DATASET CONTENT:
+++++

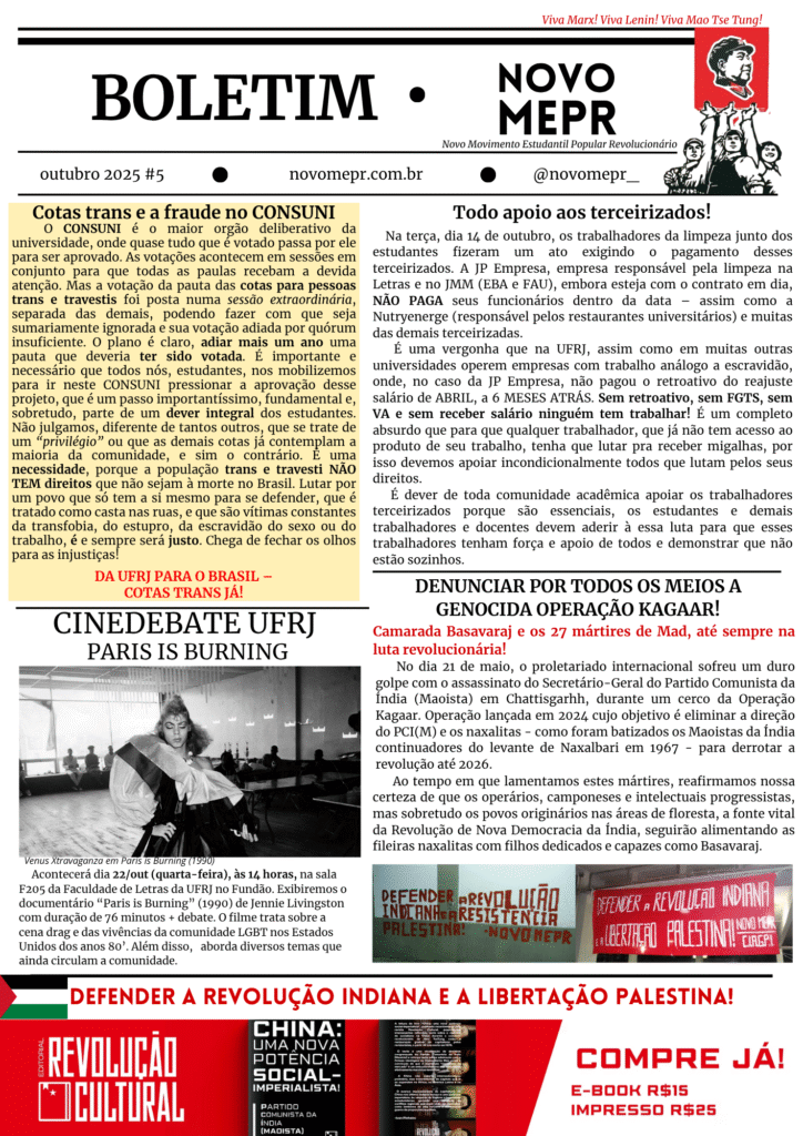 Disponibilizamos no post abaixo o boletim #5 de outubro do Novo MEPR da UFRJ e também os textos que estão nele.
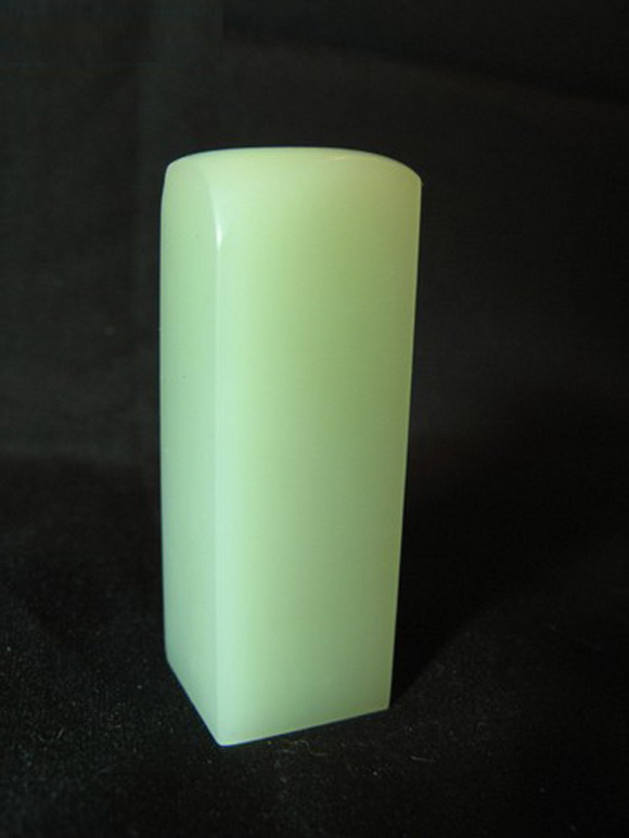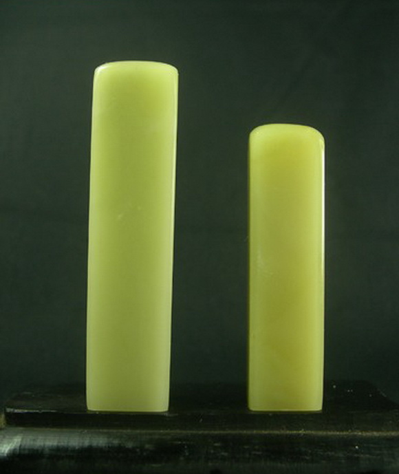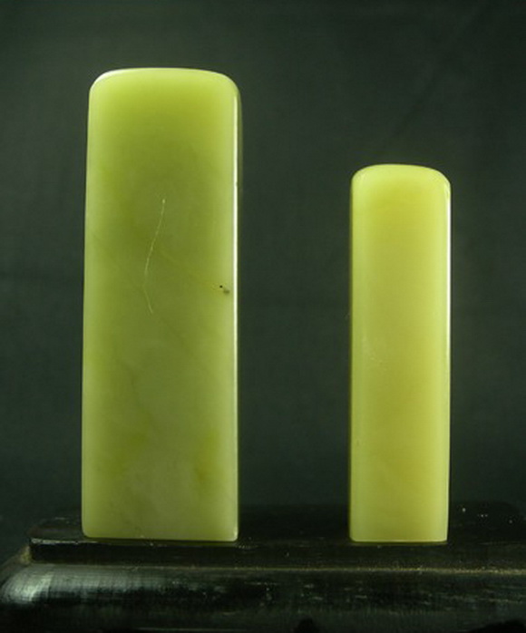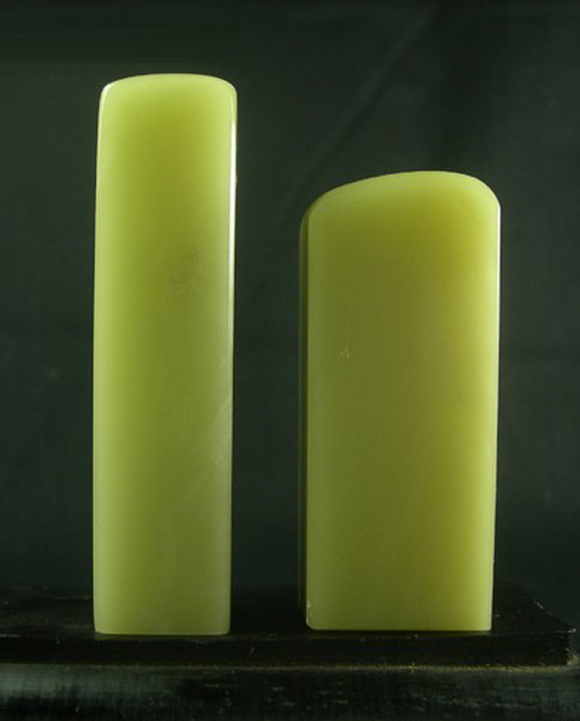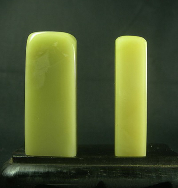 上面两张照片都是我手中的真品封门青,下面这张照片里的两方印章是白垟矿区出产的极品冻石,我们暂时称它为白垟冻,比较一下,看看他们是多么的相似
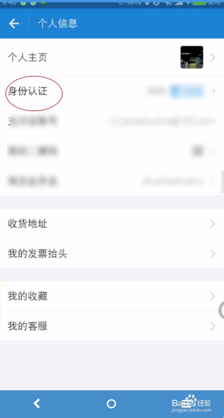 2、在下图里面选择身份认证,看到未完善的点击一下。
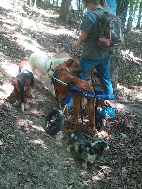 I didn't get a good picture of her (she can be seen between the leashes in the rest of the pack picture) but we had Maggie the Daschund with us who walked the whole way. She did have to be carried on the boardwalk because she couldn't walk on it.
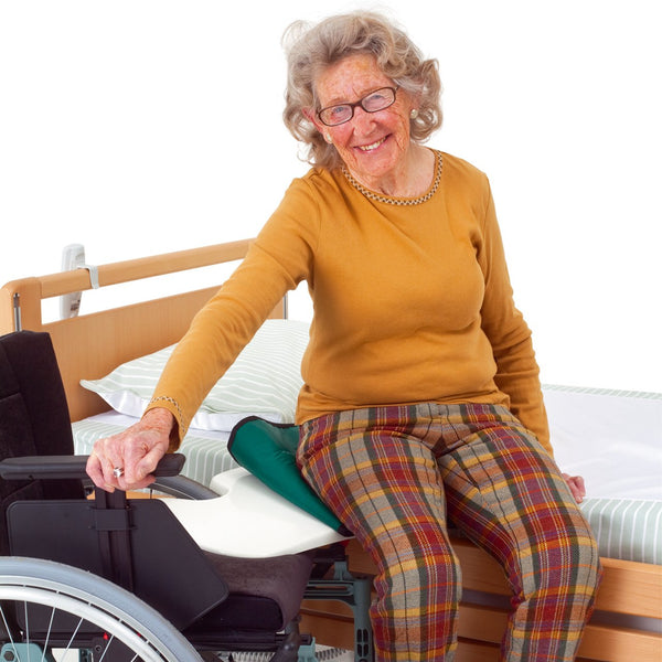 The transfer board is intended to bridge shorter gaps when performing seated transfers. The board’s low friction upper surface allows the user to transfer independently or with assistance. Immedia Transfer Boards are used when transfering between bed and wheelchair / shower chair, between wheelchair / chair / toilet chair or to and from the car. All Transfer Boards have a non-slip surface on the underside. Combining a transfer board with a glide cushion provides even lower friction and is recommended when the transfer involves bare skin, for instance to and from a shower chair or toilet.Immedia Butterfly is a long, wide and stable transfer board. It has cut outs for positioning against the wheel of a wheelchair and non-slip pads on the underside which allows for good positioning and avoids sliding out of place.
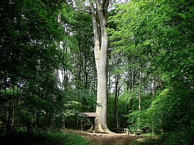 Standort: Bundesstraße 50 von Bitburg nach Luxemburg zur Grenzstation von Vianden, Waldweg 2 Kilometer hangaufwärts bis zur Schutzhütte, 50 Meter links mächtige Traubeneiche, Abteilung 9b [2]
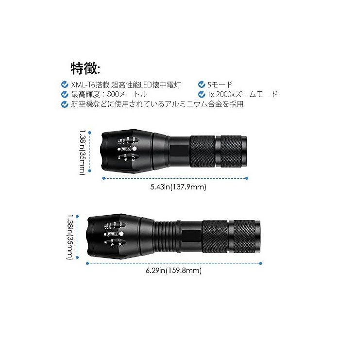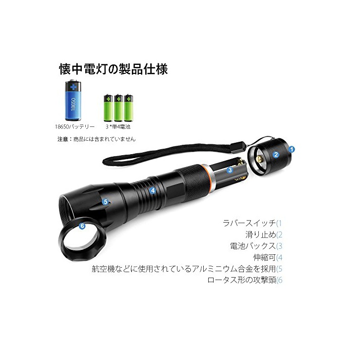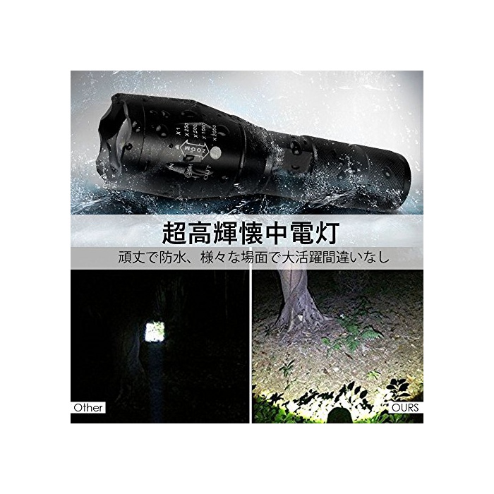 원본상품명: YUANZE 高輝度LED中電 5つのモド ズムフォカス機能付 防水 防災 アウトドア 夜間ウォキング 2個/セットブラック 電池格 1本18650電池/4電池3本(電池は含まれており
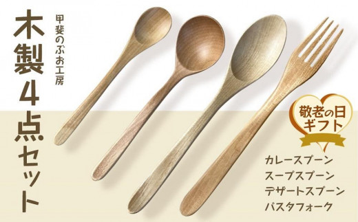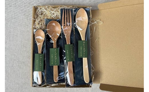 <湯布院・カトラリー専門 甲斐のぶお工房>木製 スプーン・フォーク 4点セット(カレー・スープ・デザート・パスタ用)
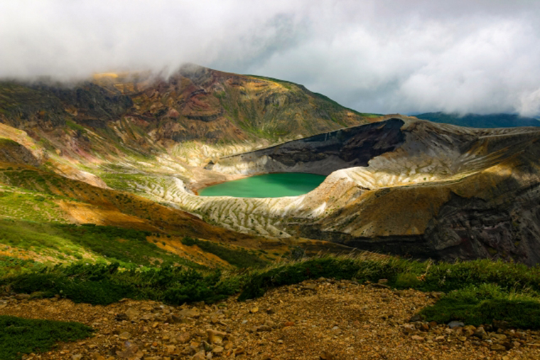 名列日本百絕景的「藏王御釜」,是因火山口形成的湖,站在火山地貌觀賞,如遺落山中的一顆綠寶石,湖面色彩會根據季節或天氣呈現不同樣貌。
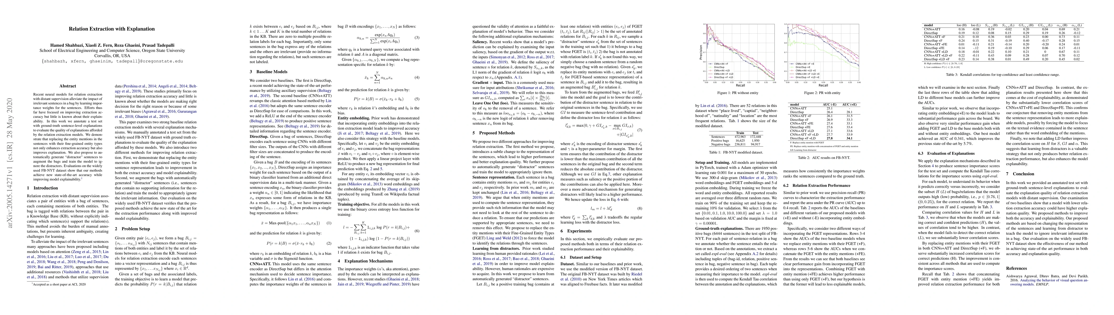 This work distinguishes itself by focusing on enhancing model explainability while maintaining high extraction accuracy, proposing innovative methods like replacing entity mentions with FGET and learning from distractor sentences.
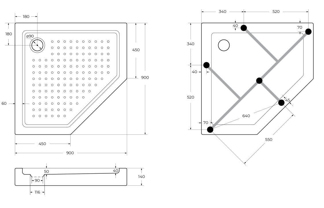 Это обеспечивает легкость и простоту ухода, а благодаря рельефной поверхности дна безопасность при приёме душа. Усиленное дно поддона и металлический каркас с регулируемыми во высоте ножками, позволяют выдерживать нагрузку свыше 250 кг. Сочетание используемых материалов и современных технологий производства, гарантирует сохранение внешнего вида и функциональности поддонов CEZARES на долгие годы. Сифон обеспечивает скорость стока воды до 30 л/мин.
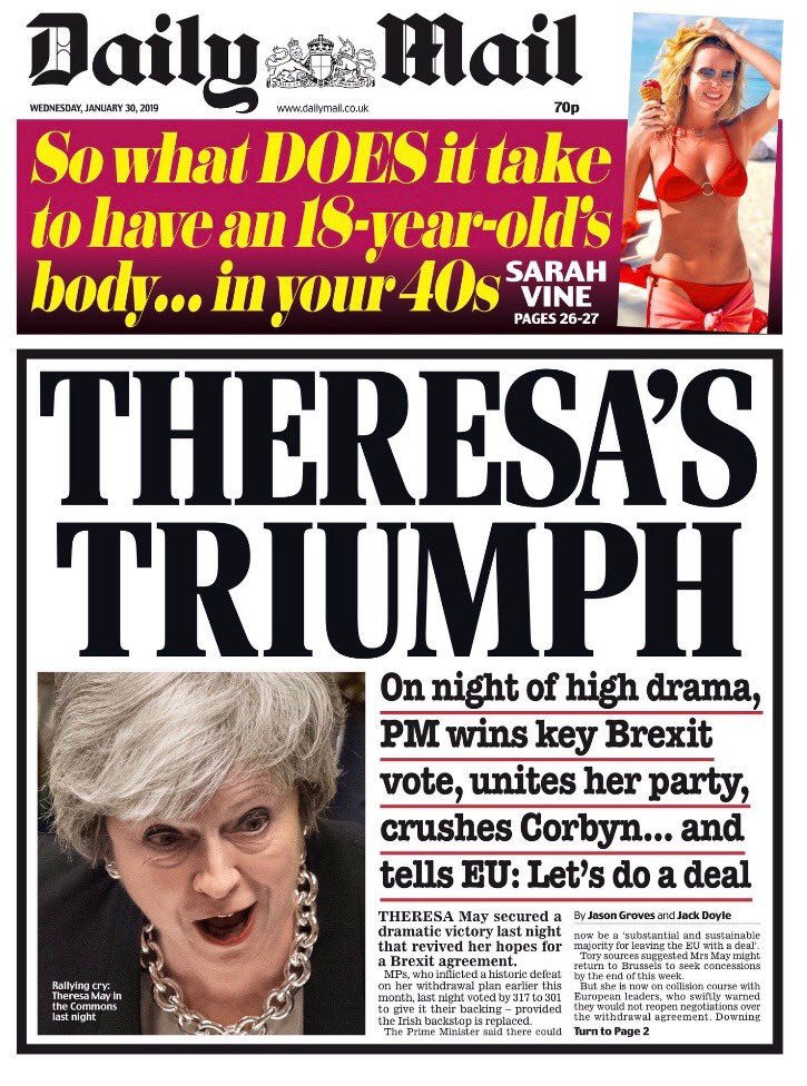 En témoigne la « une » du Daily Mail (pro-Brexit) du 30 janvier 2019 « Le triomphe de Theresa May » au lendemain du vote du « plan B » par la Chambre des communes qui n’est donc qu’un plan A sans backstop.

+++++

TASK TO COMPLETE:
Omit the images and transcribe all of the records above word for word.

ANSWER SPACE:
 Disponibilizamos no post abaixo o boletim #5 de outubro do Novo MEPR da UFRJ e também os textos que estão nele.
 上面两张照片都是我手中的真品封门青,下面这张照片里的两方印章是白垟矿区出产的极品冻石,我们暂时称它为白垟冻,比较一下,看看他们是多么的相似
 2、在下图里面选择身份认证,看到未完善的点击一下。
 I didn't get a good picture of her (she can be seen between the leashes in the rest of the pack picture) but we had Maggie the Daschund with us who walked the whole way. She did have to be carried on the boardwalk because she couldn't walk on it.
 The transfer board is intended to bridge shorter gaps when performing seated transfers. The board’s low friction upper surface allows the user to transfer independently or with assistance. Immedia Transfer Boards are used when transfering between bed and wheelchair / shower chair, between wheelchair / chair / toilet chair or to and from the car. All Transfer Boards have a non-slip surface on the underside. Combining a transfer board with a glide cushion provides even lower friction and is recommended when the transfer involves bare skin, for instance to and from a shower chair or toilet.Immedia Butterfly is a long, wide and stable transfer board. It has cut outs for positioning against the wheel of a wheelchair and non-slip pads on the underside which allows for good positioning and avoids sliding out of place.
 Standort: Bundesstraße 50 von Bitburg nach Luxemburg zur Grenzstation von Vianden, Waldweg 2 Kilometer hangaufwärts bis zur Schutzhütte, 50 Meter links mächtige Traubeneiche, Abteilung 9b [2]
 원본상품명: YUANZE 高輝度LED中電 5つのモド ズムフォカス機能付 防水 防災 アウトドア 夜間ウォキング 2個/セットブラック 電池格 1本18650電池/4電池3本(電池は含まれており
 <湯布院・カトラリー専門 甲斐のぶお工房>木製 スプーン・フォーク 4点セット(カレー・スープ・デザート・パスタ用)
 名列日本百絕景的「藏王御釜」,是因火山口形成的湖,站在火山地貌觀賞,如遺落山中的一顆綠寶石,湖面色彩會根據季節或天氣呈現不同樣貌。
 This work distinguishes itself by focusing on enhancing model explainability while maintaining high extraction accuracy, proposing innovative methods like replacing entity mentions with FGET and learning from distractor sentences.
 Это обеспечивает легкость и простоту ухода, а благодаря рельефной поверхности дна безопасность при приёме душа. Усиленное дно поддона и металлический каркас с регулируемыми во высоте ножками, позволяют выдерживать нагрузку свыше 250 кг. Сочетание используемых материалов и современных технологий производства, гарантирует сохранение внешнего вида и функциональности поддонов CEZARES на долгие годы. Сифон обеспечивает скорость стока воды до 30 л/мин.
 En témoigne la « une » du Daily Mail (pro-Brexit) du 30 janvier 2019 « Le triomphe de Theresa May » au lendemain du vote du « plan B » par la Chambre des communes qui n’est donc qu’un plan A sans backstop.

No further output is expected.